Ne var ki Ukrayna’daki durum da parlak değil. Rusların Ukrayna’daki enerji tesislerini aylardan beri hedef almasının sonucunda ülke genelinde 1.5 yıl öncekinden çok daha ağır elektrik kesintileri yaşanıyor. Kiev’de evlere günün 12 saati elektrik verilemiyor. Gündelik hayatın felç olması bir yana bir jeneratör almaya gücü yetmeyen küçük işletmeler, dükkânlar, peş peşe kepenk kapatıyor. Cumhurbaşkanı Zelenski’nin eşi Olena Zelenska, 1.5 yıl önce yani Ukrayna’da kesintilerin ilk görüldüğü dönemde bir yabancı yayın organına verdiği demeçte yapılan ankette, Ukraynalıların çoğunluğunun, birkaç yıl daha elektriksiz yaşamaya razı olduğunu “Yeter ki bunun sonunda AB’ye girelim” dediğini söylemişti. Zelenska, hangi anketten bahsediyordu bilmiyorum ama son haftalarda patlak veren çeşitli gösteriler, başka türlü bir ruh halini gösteriyor. Zaporojye’de tarım işiyle uğraşan değerli ahbabım İsmail Daye, o bölgede yoğun elektrik kesintilerinin tarım sektörünü vurduğunu, önceki gün kalabalık bir halk grubunun valilik binasının önünde -savaşta yasak olmasına rağmen- eylem yaptıklarını söyledi. Hele sonbahardan itibaren hükümeti daha da zor günlerin beklediği konuşuluyor.
Geçen hafta Biden’ın tarihin mezarlığına gittiğini yazmamın hemen ardından Biden, yarıştan çekildiğini açıkladı. Benim yazımın onun kararında ne kadar etkisi olmuştur, bilemem ama Ukrayna’da halen geleceğin ABD başkanı olarak Trump görülüyor. O nedenle Zelenski yönetimi şimdiden “müstakbel başkan”la ilişkileri geliştirmeye girişti. Önceki gün, Trump’a Zelenski arasında telefon görüşmesi gerçekleşti ve ikisi yakın gelecekte yüz yüze görüşme kararı aldı.
Dünyada rüzgârların başka yönden esmesi, Ukrayna’daki havayı da değiştirdi.

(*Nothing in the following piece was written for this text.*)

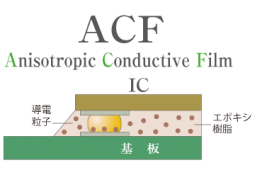 ACF(=異方性導電フィルム)は、Anisotropic Conductive Film の略で、熱硬化性のエポキシ樹脂の中に導電性粒子を分散させた封止樹脂です。熱圧着加工により、圧着部における厚み方向に対しては導通性、面方向に対しては絶縁性を保持する電気的異方性を示します。

Ukrayna’nın en milliyetçi çizgideki gazetelerinde bile Donentsk ve Lugansk’tan tamamen çekilmeyi ve buraları Rus toprağı olarak tanımamakla birlikte bu bölgeler üzerinde bir süre hak iddia etmemeyi ayrıca, NATO üyeliği konusunu gündemden düşürmeyi öngören barış planları tartışmaya açıldı. Bazı milliyetçi aydınlar, “Zaten NATO’da bizi bekleyen yok. Bir şey kaybetmeyiz” demeye başladı. Geçen sene olsa böyle tartışmalar, ihanet olarak görülürdü. Ama Ukrayna’nın işgal altındaki toprakların tamamını savaşarak geri almasının gerçekçi olmadığı herkesçe anlaşıldığından ve Batı’nın tavrı değişmeye başladığından Ukrayna’daki beklenti ve algılar da değişmeye başladı.
İşte bu ortamda Ukrayna Dışişleri Bakanı Dmitro Kuleba, üç günlük Çin yolculuğuna çıktı. ABD’nin de etkisiyle Ukrayna yönetimi, Çin’e karşı sert tavır takınmıştı. Fakat önceden de yazdığımız üzere dünyanın Batı’dan ibaret olmadığı, Çin’in kilit öneme sahip olduğu, giderek daha net görülüyor. Çin yönetimi, kendilerinin bu savaşın tarafı olmadıklarını söylüyor. Diğer taraftan da hem Rusya hem de Ukrayna üzerinde etkisini artırıyor. Çin, bu savaştan ne Rusya’nın galip çıkmasını ne de savaşın ABD’nin bölgede nüfuzunu arttırmasıyla sonuçlanmasını istiyor. O nedenle bu savaşın bir an önce bitmesinden yana Ukrayna’ysa Çin’in Rusya’ya etki ederek ona Batı eksenli barış planını kabul ettirmek istiyor. Hangisinin istediği gerçekleşecek bunu yakın gelecekte öğreneceğiz.